# Best reusable "diapers" for intact bitches?



## Angela (Mar 22, 2011)

I'm just planning ahead, knowing my nearly 6 month old GSD female will be coming in heat. I've never used the doggie diapers. I want to use reusable ones, can anyone recommend a good brand? 

With my 10 year old intact bitch I just kept her in the area of the house with the hard flooring and then she proved to be good at staying clean so it wasn't an issue. We have since moved and I don't have as easy a set up in the house to separate the pup, plus this girl is not as compliant as my other one ( which is not a GSD). So I think the diapers would be a better option for her. 

Any recommendations?


----------



## selzer (May 7, 2005)

I use the blue denim ones they sell at PetsMart, and put a kotex in them. For the first time, I sit with her for some time and tell her to leave it be. Usually my girls take a medium or large size. I got the size they suggested for GSDs and had to put a huge safety pin in the back of it. (But I still use it.)

They wash up good, and I have used mine for years.


----------



## KZoppa (Aug 14, 2010)

We use the ones you can buy at petsmart. I got the two pack and just switched them out day by day with kotex pads in them to catch extra dripping and wash them 3-4 times a week. Got the large sized with the velcro straps and it worked no problem. Shasta is in heat now but she refuses to behave wearing the diapers so she's spends the majority of her time either in her crate with the door open and a bone to chew on or in the backyard no other dogs can access. But definitely check out petsmart. we only have 2 and havent had any issues but to make it easier i might recommend you get at least 4 to make switching them out and washing easier.


----------



## phgsd (Jun 6, 2004)

I have these for my girls...they are so stinkin cute! LOL
Fancy Pants Dog Diaper

I don't leave them on the dogs unsupervised and they don't wear them much but they've made it through the wash many times. I sometimes will put a (human) pad in there but just as often leave it without the pad and just wash the "panties."


----------



## SchDDR (Dec 29, 2010)

I just use young boy's underwear. Luckily I have a 7 year old son who donates to the cause. We don't throw out underwear as he outgrows it, we just toss it in the dog bin.

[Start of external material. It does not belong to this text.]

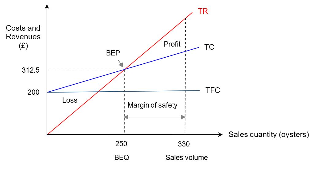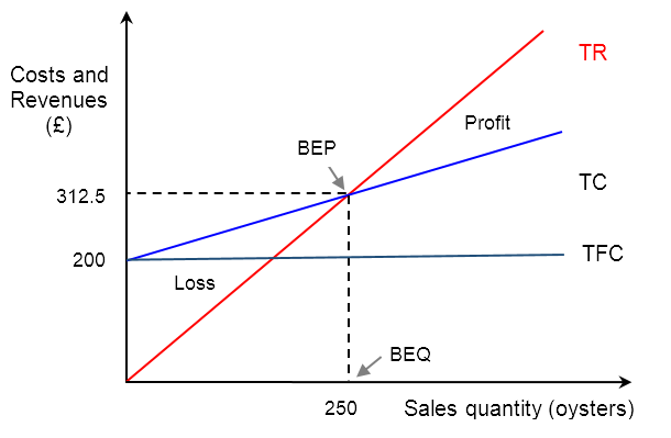The break-even revenue is shown on the y-axis, representing the value of the output needed to break-even. If the firm sells 250 oysters (the BEQ), the break-even revenue is £312.50 (i.e. £1.25 × 250).

Particularly heavy heats may necessitate a human sanitary napkin, but more often than not, you can just use the underwear and chuck it in the wash at the end of the day.


----------



## Angela (Mar 22, 2011)

Thanks everyone, I'll check out Petsmart and the link. I came across this link yesterday when searching online lol Pants for Dogs ::: Panties With Panache For Dogs Of All Shapes & Sizes I think I'll wait till she is closer to full grown before investing in fancy ones haha. She was 42 pounds last I weighed her about 2 weeks ago.


----------



## cindy_s (Jun 14, 2009)

I have denim ones and ones that are a lighter weight from simple solutions. I like the lighter weight material better, because it has a bit of stretch to it giving a better fit. I tried pads, but my girl would take them out of the pants. She doesn't mind the pants themselves. I just keep 4 pairs in rotation, and do laundry every night or every other night depending on the amount of discharge.


----------



## Gilly1331 (Apr 16, 2011)

I just use one of the free cotton panties I get from victorias secret the full bottom ones and cut a hole for the tail then put on female sanitary napkins. This way I can jsut toss the undies into the wash and throw out the pads. Since I have both these items in the house and use them no extra cost for dog undies that never seem to fit.


----------



## vomlittlehaus (Aug 24, 2010)

I have the ones Drs Foster and Smith sell. And just use human pads in them.


----------